NCPA - National Center for Policy Analysis


January 5, 2010

It may not feel that way right now, but the last 10 years may go down in world history as a big success.  In economic terms, at least, the decade was a remarkably good one for many people around the globe, says Tyler Cowen, an economics professor at George Mason University.

The raging economic growth rates of China and India are well known, though their rise is part of a broader trend in the economic development of poorer countries.  Ideals of prosperity, freedom and the rule of law have probably never been more resonant globally than they've been over the last 10 years, even if practice often falls short.  And for all of the anticapitalistic rhetoric that has emerged from the financial crisis, national leaders around the world are embracing the commercialization of their economies, says Cowen.

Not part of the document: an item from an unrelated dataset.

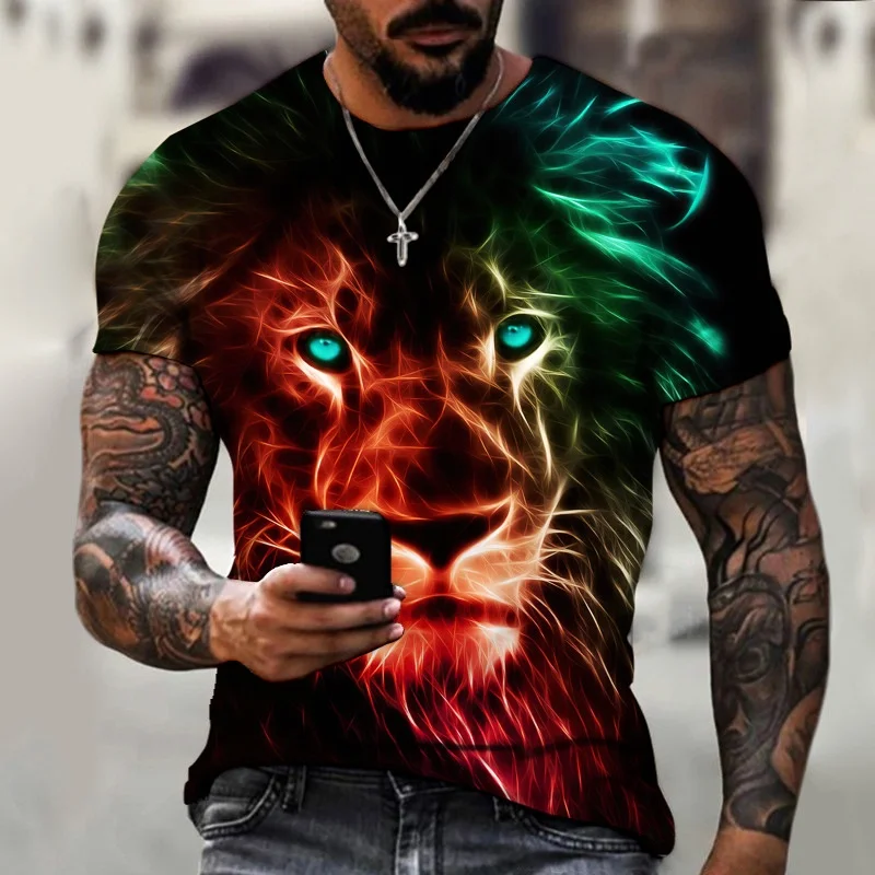 Harajuku Men's 3D Shirt Animal Lion Print New Fashionable Summer Street Round Neck Casual Loose Short Sleeved Oversized T-shirt

Putting aside the United States, which ranks third, the four most populous countries are China, India, Indonesia and Brazil, accounting for more than 40 percent of the world's people, and all four have made great strides, says Cowen:

  • Indonesia had solid economic growth during the entire decade, mostly in the 5 percent to 6 percent annual range.
  • Brazil also had a consistently good decade, with growth at times exceeding 5 percent a year.
  • Elsewhere in South America, Colombia and Peru have made enormous progress and Chile is on the verge of becoming a "developed" country.
  • To be sure, in Africa, there is still enormous misery; nonetheless, overall standards of living rose in a wide variety of countries there, with economic growth for the continent as a whole at more than 5 percent in most years.

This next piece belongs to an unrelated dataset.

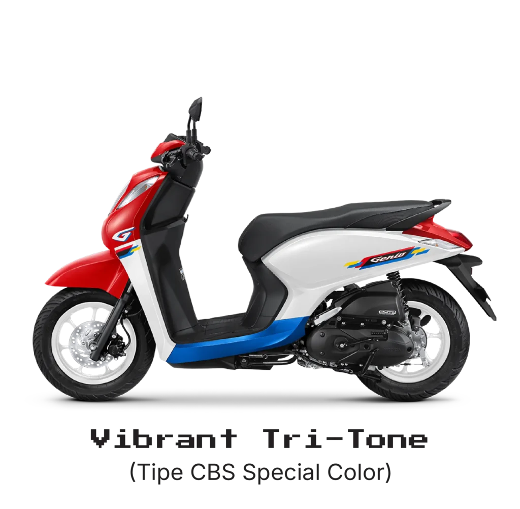 New Honda Genio 2025 mempertahankan desain kompak dan dinamis yang sudah menjadi ciri khasnya, ditambah pilihan warna baru yang lebih ekspresif. Varian CBS mendapat dua warna special dengan velg putih — Vibrant Tri-Tone (merah, putih, biru) dan Vibrant Black & White — serta warna Vibrant Black yang tetap mempertahankan kesan retro. Sementara varian CBS-ISS hadir dengan pilihan warna Fabulous Matte (Brown, Green, Black) yang elegan dan minimalis.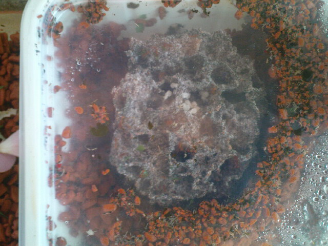 Wie ihr an den zwei Bildern sicher gesehen habt, musste ich das Becken mit Hilfe einer Plastikscheibe halbieren. Der Pilz war doch noch nicht groß genug für das 30x20x20 Becken, das merkte ich dadurch, das die Acros sich nur noch damit beschäftigt haben Seramis um den gesamten Pilz zu Bauen, was natürlich eine Heidenarbeit ist. Deshalb nahm ich mir die Freiheit ihnen ein bisschen unter ihre sechs Arme oder Beine zu helfen ;).

One lesson from all of this is that steady economic growth is an underreported news story -- and to our own detriment, says Cowen:

  • In a given year, an extra percentage point of economic growth may not seem to matter much.
  • But, over time, the difference between annual growth of 1 percent and 2 percent determines whether you can double your standard of living every 35 years or every 70 years.
  • At 5 percent annual economic growth, living standards double about every 14 years.